Title: Log Horizon: The West Wind Brigade
Genre: Fantasy, Action
Publisher: Kadokawa Corporation (JP), Yen Press (US)
Creators: Mamare Touno (Original Story), Koyuki (Artist), Kazuhiro Hara (Character Design)
Translator: Taylor Engel
Original Release Date: January 26, 2016, April 26, 2016, July 26, 2016
With a setting as broad as Log Horizon’s it seems like a story designed to have spin-offs. But of course you don’t want to scare off your audience by going too far away from the main story, or by bringing in a completely new cast of characters, so Log Horizon does neither of these things. As readers may have guessed from the title, this particular spin-off follows the West Wind Brigade guild who crops up a few times in the main series.
One reason why the WWB gets mentioned in the main series is because it’s an unusual guild. It’s a combat guild, which would eventually earn it a place at Akiba’s Round Table, but it’s quite small and almost 100% female. It’s not all girls because it is a bastion of strong women who support each other or something inspiring like that. No, the guild has a reputation (which has even made it to the real world strategy websites) of being a “harem” of girls who all have crushes on the guild leader Soujirou.
Soujirou is surprisingly similar to the lead in Mamare Touno’s previous series, Maoyu’s Hero. Both of them are bishounen young men who accidentally charm nearly every woman they meet, are ridiculously over-powered in combat, and are skilled enough in tactics but are woefully lost when it comes to larger, world-shaping strategies and plans. Even though both Soujirou and Hero are quick to admit this fault and realize that it is a problem, their stories are happy to say “Don’t worry about it, that’s not your role, you don’t need to change!” This means that they both toe the line between a real character and a Gary Stu constantly, which deliberate or not can become frustrating. In both cases this means that the story puts a surprising amount of pressure on the [female] side characters to make up for the slack and round out the cast, but so far WWB falls short in that department as well.

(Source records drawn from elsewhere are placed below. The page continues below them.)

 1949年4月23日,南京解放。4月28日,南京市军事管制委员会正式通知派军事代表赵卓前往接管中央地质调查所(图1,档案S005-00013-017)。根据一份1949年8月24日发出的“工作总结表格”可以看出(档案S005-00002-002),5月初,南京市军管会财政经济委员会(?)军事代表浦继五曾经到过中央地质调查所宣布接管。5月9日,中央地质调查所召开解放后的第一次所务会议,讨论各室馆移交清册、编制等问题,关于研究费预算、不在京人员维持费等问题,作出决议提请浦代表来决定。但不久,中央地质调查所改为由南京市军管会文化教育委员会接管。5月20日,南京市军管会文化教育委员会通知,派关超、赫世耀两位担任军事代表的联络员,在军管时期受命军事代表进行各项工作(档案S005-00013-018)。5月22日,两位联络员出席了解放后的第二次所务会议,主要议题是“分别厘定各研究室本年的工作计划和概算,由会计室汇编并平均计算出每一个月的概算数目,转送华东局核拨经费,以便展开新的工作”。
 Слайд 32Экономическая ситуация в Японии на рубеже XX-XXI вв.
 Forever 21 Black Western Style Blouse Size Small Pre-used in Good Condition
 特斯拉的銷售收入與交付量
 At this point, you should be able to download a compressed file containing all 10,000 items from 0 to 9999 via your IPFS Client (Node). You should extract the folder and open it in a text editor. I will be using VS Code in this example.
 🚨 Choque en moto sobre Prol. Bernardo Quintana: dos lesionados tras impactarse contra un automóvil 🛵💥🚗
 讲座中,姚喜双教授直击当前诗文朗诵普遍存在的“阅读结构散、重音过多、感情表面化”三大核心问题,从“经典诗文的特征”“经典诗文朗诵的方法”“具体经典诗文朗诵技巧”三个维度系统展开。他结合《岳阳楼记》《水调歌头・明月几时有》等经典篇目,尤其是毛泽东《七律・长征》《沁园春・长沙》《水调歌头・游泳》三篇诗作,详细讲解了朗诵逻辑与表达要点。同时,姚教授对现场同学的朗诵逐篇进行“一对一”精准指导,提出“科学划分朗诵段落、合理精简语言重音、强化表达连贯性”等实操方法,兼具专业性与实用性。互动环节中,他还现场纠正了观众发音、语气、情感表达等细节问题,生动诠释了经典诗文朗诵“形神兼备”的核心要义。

These first three volumes cover the first arc of The West Wind Brigade which corresponds with roughly the first light novel. Unsurprisingly, the story follows the familiar beats for “characters realize they have become trapped in a game” as Soujirou and other WWB guild members wake up in Akiba. Characters flip out, some test the rules, and by the end of this arc everyone has found a way to mentally cope with the situation, one way or another. Unless you’re Soujirou that is; he’s bouncy and excited from the very first second and moreso than any other character in the story. The side characters do cheer up and everyone becomes more familiar with the updated set of rules for their wold, but the fact that it’s always Soujirou who works things out first and generally sets the tone really doesn’t flesh him out more as a character, which also makes the other characters a bit flatter. Even if the title of this series is The West Wind Brigade it really feels more like “the Soujirou Story,”; the background characters even blame him for the rise in player killing (PKing) so there’s really no part of the story that doesn’t involve around him!
Speaking of PKing, this manga also feels slightly darker than both the light novels and the anime adaptation. It touches on the same events that the original work does (namely, a rise in PKs, players realizing that the guard system in towns does not activate if you sexually harass someone, and the guilds that entrap newbie players) but this incarnation almost seems to delight in showing how seedy Elder Tales could become. Again, some of this execution seems designed to play back into Soujirou’s characterization: he can do his best to deal with small incidents but overall Soujirou just doesn’t have the right ideas for how to change society. That’s why this series is ultimately a little disappointing so far; despite having the room to do so it doesn’t strike out on its own as far as it could, and the third volume ultimately ends with Shiroe starting his plan to ultimately establish the Round Table. As an established Log Horizon fan I do look forward to seeing the meeting between Shiroe and Soujirou from Soujirou’s point of view, but I wonder how well this series would manage to keep a new fan’s attention. The world-building is solid so there’s no reason why someone couldn’t start the Log Horizon franchise here, but it’s a more generic, less satisfying place to start.